Apple's latest iPhone software upgrade is full of frustrating new features that are keeping users away in droves.

Technology Spectator

It says something about the recent iPhone iOS 6 operating system upgrade when the New York Times posts help on how to fix issues with it. In this case, a problem noted by users trying to run the new Passbook app. Not that most users around the world would have much need to do this because there are very few companies supporting it.

The debacle with the change from Google maps to Apple’s own ‘unique’ view of the world has also generated a range of suggestions from the suggestion of using Google maps via the Safari browser to uninstalling iOS 6 completely.

The root of the trouble

These problems stem directly from Apple’s approach to upgrades of its phone operating system. Firstly, it works on an annual upgrade cycle timed to occur with the release of new hardware. This is actually a very aggressive time scale. New features this year were launched at the developer conference in a very raw state and were then tested and refined over a few months.

These features were accompanied by changes in the development platform and the developer tools were also evolving alongside the new iOS features. This has the effect of limiting the functionality that can be built into new versions of the operating system each year and also has an impact on the coherence of the changes.

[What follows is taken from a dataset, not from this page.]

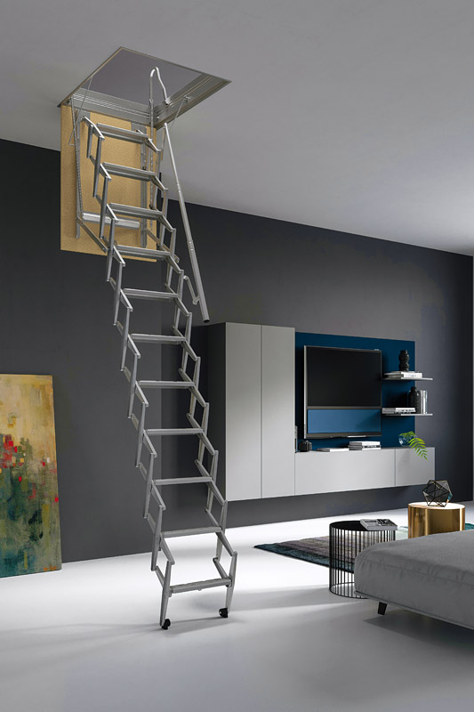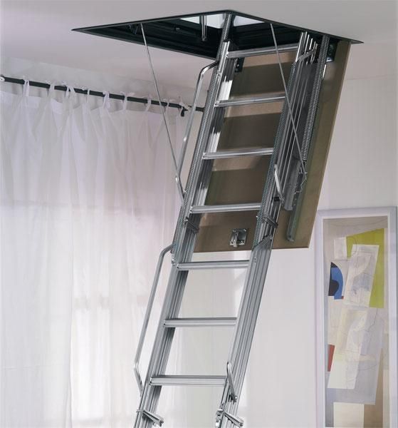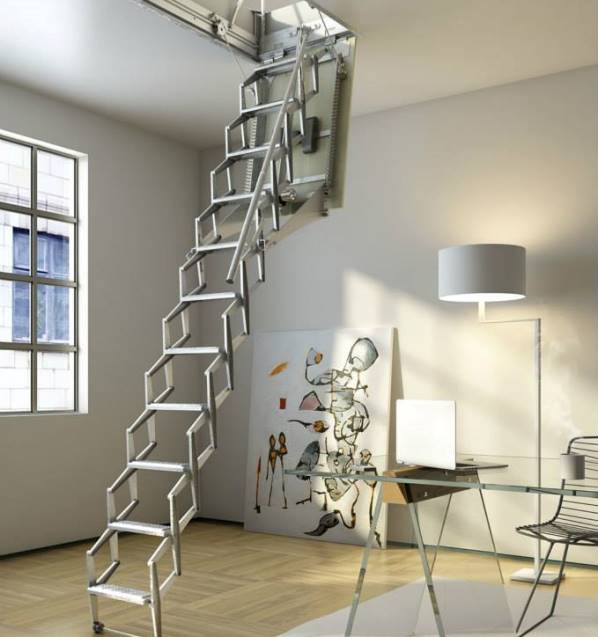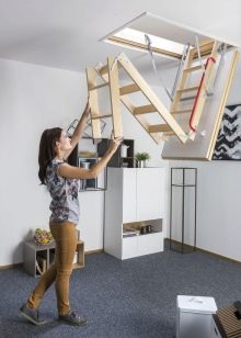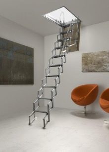 L'échelle pliante est divisée en trois groupes principaux - pliable, coulissant (sectionnel) et en ciseaux. Chacun d'eux se justifie, s'ils montent rarement au grenier ou s'il n'y a pas assez d'espace. La configuration de la structure en ciseaux est similaire à celle d'un collecteur de courant de tram ou d'un accordéon et, une fois pliée, elle provoque des associations avec des ressorts.En ce qui concerne les structures attenantes, c’est parmi celles-ci que l’escalier est l’option la moins chère.

The cynical view would be that this approach encourages everyone to keep constantly upgrading because earlier versions are almost guaranteed not to work well.

Another impact of short development cycles is that products are initially focussed on the US market. It is always surprising that consumers in countries other than the US are happy to accept that roll-out schedules will sometimes mean that a feature will not be available for months and sometimes years after it has been released in the US. With iOS 6, the choice of Yelp as the provider of information about businesses meant that Siri and the new maps are not able to provide information of services outside of the US. Support for Apple’s answer to NFC – Passbook – is concentrated in the US.

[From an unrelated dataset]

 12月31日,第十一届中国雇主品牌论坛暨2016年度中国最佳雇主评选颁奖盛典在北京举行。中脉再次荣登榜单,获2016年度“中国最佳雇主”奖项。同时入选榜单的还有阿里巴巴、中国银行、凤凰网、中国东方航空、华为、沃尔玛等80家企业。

With every Apple iOS upgrade, there is a hit-and-miss feel to new features. This is highlighted in the new Facebook integration and the new Podcast application.

Facebook friends in your address book

Idiosyncratic would be one way of describing the way Facebook friends have been integrated into the phone’s address book. Whoever thought that having 700 (or more) additional contacts appear in the contact list was a good idea obviously wasn’t that popular on Facebook. The algorithm for matching existing contacts with those on Facebook has also resulted in random unknown people being linked to contacts. I am not sure if this is amusing, worrying or both.

New podcast application

Another curiosity has been the move of podcasts to their own app. Although this has meant a slightly more dedicated interface for podcasts, it has reduced the practicality of not having the things that you listen to being in the one place. The new podcast application also displays Apple’s obsession with so-called skeuomorphic design. The throwback use of the analogue dial to select podcasts makes sense only to people who remember what radios looked like before they went digital. This has been contrasted with Microsoft’s completely abstract design approach with its Windows 8 design.

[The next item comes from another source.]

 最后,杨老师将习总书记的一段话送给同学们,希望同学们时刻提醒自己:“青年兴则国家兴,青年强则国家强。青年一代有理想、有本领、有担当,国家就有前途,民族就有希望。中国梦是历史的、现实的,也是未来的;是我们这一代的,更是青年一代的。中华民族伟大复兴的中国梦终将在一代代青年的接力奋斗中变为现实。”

Splitting the podcast functionality into another app has also increased the complexity of the phone as it now seems no longer capable of remembering if it was playing a podcast or music and where it was last when you resume listening. A fun new ‘feature’ I have discovered is a podcast randomly starting to play after hanging up from a phone call.

Of course, there are some actual improvements in all of the changes in iOS. Admittedly many of these, like the ability to wake up to music or taking panoramic photos, were previously available in free apps but after all, Apple does have to get its ideas from somewhere.